** Opening Available data block **

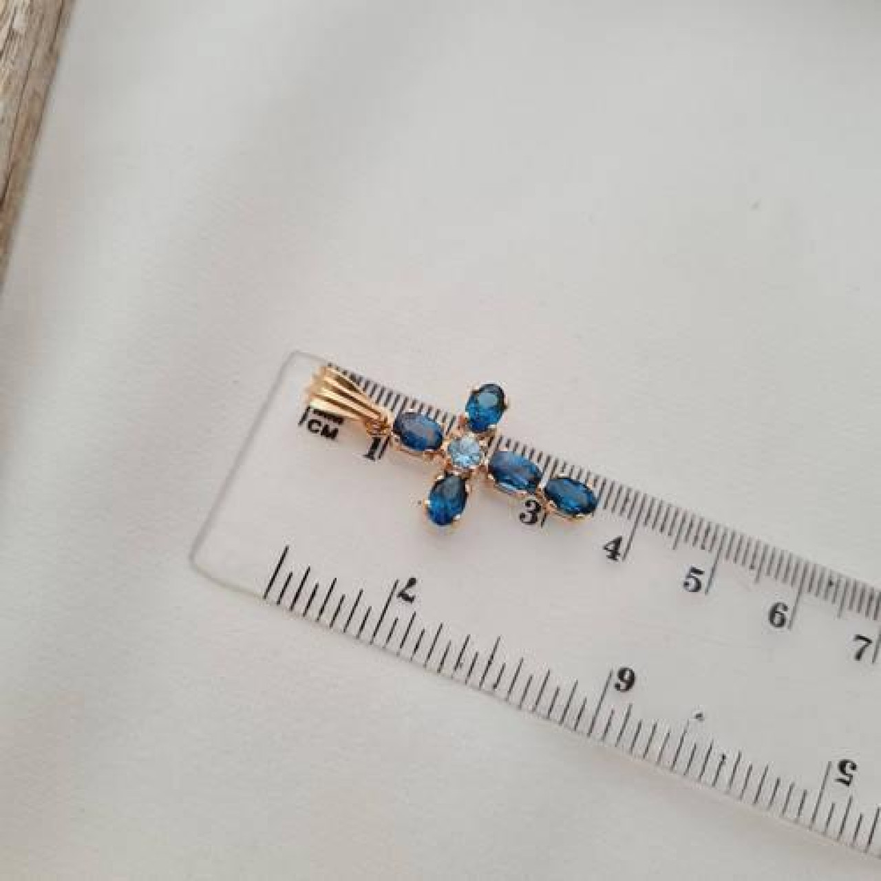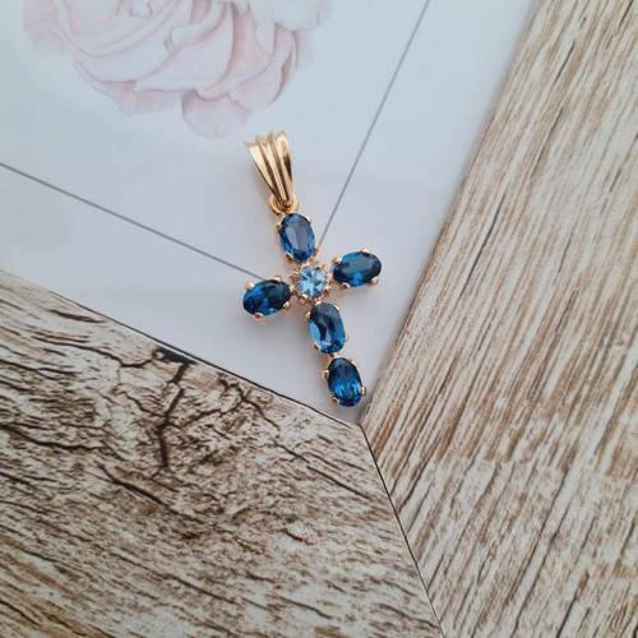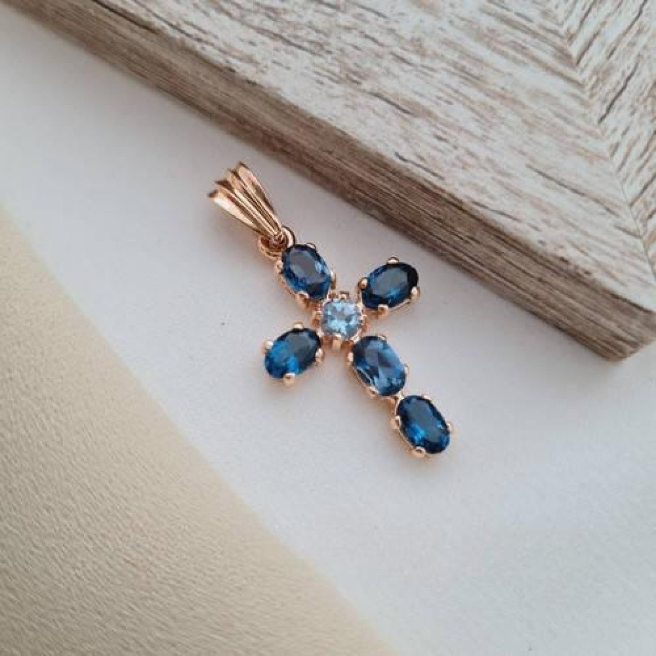 Хрестик золотий з овальними синіми топазами під ланцюжок або шнур 3.42
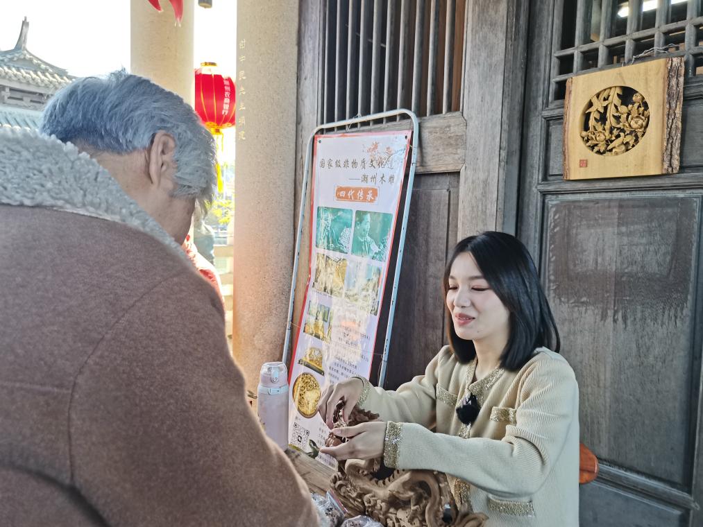 既有传统的木雕虾蟹篓,也有富有生活气息的木雕头簪、木雕“十二生肖”玩偶……潮州木雕非遗传承人、“90后”陈嘉的展位上,木雕展品琳琅满目。她说,如今关注非遗的游客特别是年轻人越来越多,“我们现在对传承非遗越来越有信心,欢迎大家到古城来过大年!”
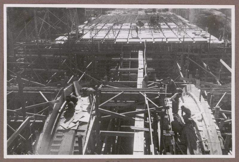 Derribado el deteriorado puente de hierro, en 1931 se convocó un concurso para su reconstrucción. El proyecto ganador, factura del arquitecto Francisco Javier Ferrero y de los ingenieros Luis Aldaz y José de Juan-Aracil, con el inconfundible sello racionalista de la época, se concluyó en 1934, realizado en hormigón pulido, con sillares de granito en los pilares.

** Closing Available data block **

Could you return the listing above exactly, minus its pictures?

 Хрестик золотий з овальними синіми топазами під ланцюжок або шнур 3.42
 既有传统的木雕虾蟹篓,也有富有生活气息的木雕头簪、木雕“十二生肖”玩偶……潮州木雕非遗传承人、“90后”陈嘉的展位上,木雕展品琳琅满目。她说,如今关注非遗的游客特别是年轻人越来越多,“我们现在对传承非遗越来越有信心,欢迎大家到古城来过大年!”
 Derribado el deteriorado puente de hierro, en 1931 se convocó un concurso para su reconstrucción. El proyecto ganador, factura del arquitecto Francisco Javier Ferrero y de los ingenieros Luis Aldaz y José de Juan-Aracil, con el inconfundible sello racionalista de la época, se concluyó en 1934, realizado en hormigón pulido, con sillares de granito en los pilares.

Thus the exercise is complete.